> **What the task asks**
Starting at the line with "Vestido, chaqueta y", return every line through the final one of the data, word for word. Pictures stay out.

(Extracted records)
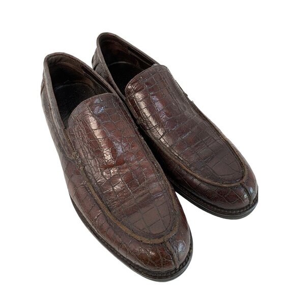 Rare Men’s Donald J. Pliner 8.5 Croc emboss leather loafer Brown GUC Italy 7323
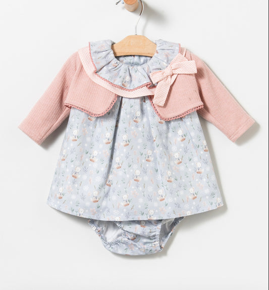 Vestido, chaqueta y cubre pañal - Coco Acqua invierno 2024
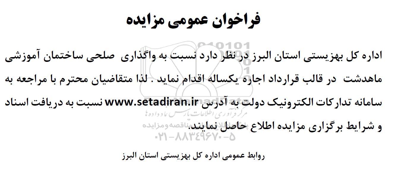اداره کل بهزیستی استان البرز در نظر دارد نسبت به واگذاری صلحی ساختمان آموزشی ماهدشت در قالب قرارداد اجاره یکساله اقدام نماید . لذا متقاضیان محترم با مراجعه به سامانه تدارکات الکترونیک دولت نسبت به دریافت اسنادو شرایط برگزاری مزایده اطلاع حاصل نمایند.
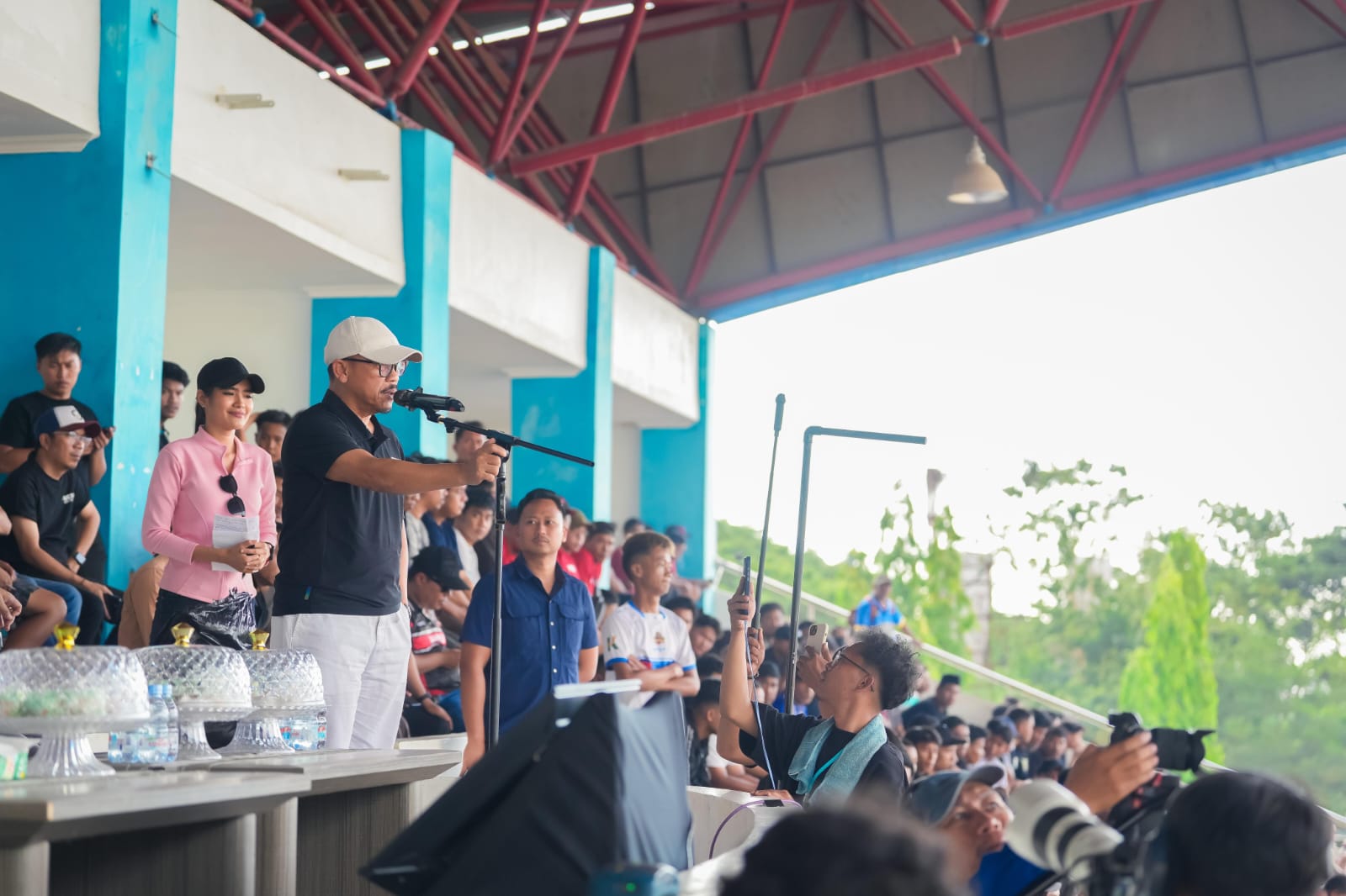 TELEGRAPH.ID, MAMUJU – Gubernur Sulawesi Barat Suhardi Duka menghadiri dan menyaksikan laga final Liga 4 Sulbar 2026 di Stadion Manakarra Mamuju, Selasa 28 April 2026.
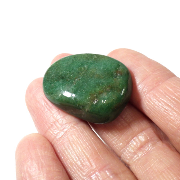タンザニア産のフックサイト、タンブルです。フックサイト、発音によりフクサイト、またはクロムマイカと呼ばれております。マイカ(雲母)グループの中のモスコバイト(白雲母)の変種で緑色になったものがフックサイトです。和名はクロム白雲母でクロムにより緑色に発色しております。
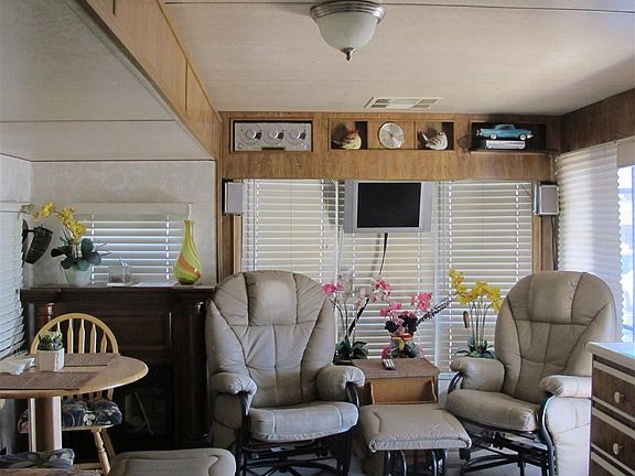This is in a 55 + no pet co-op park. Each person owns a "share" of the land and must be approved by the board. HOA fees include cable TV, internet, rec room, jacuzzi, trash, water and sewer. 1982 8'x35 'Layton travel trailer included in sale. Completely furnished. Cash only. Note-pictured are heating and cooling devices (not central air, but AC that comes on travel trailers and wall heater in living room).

> **Output below**
 Vestido, chaqueta y cubre pañal - Coco Acqua invierno 2024
اداره کل بهزیستی استان البرز در نظر دارد نسبت به واگذاری صلحی ساختمان آموزشی ماهدشت در قالب قرارداد اجاره یکساله اقدام نماید . لذا متقاضیان محترم با مراجعه به سامانه تدارکات الکترونیک دولت نسبت به دریافت اسنادو شرایط برگزاری مزایده اطلاع حاصل نمایند.
 TELEGRAPH.ID, MAMUJU – Gubernur Sulawesi Barat Suhardi Duka menghadiri dan menyaksikan laga final Liga 4 Sulbar 2026 di Stadion Manakarra Mamuju, Selasa 28 April 2026.
タンザニア産のフックサイト、タンブルです。フックサイト、発音によりフクサイト、またはクロムマイカと呼ばれております。マイカ(雲母)グループの中のモスコバイト(白雲母)の変種で緑色になったものがフックサイトです。和名はクロム白雲母でクロムにより緑色に発色しております。
This is in a 55 + no pet co-op park. Each person owns a "share" of the land and must be approved by the board. HOA fees include cable TV, internet, rec room, jacuzzi, trash, water and sewer. 1982 8'x35 'Layton travel trailer included in sale. Completely furnished. Cash only. Note-pictured are heating and cooling devices (not central air, but AC that comes on travel trailers and wall heater in living room).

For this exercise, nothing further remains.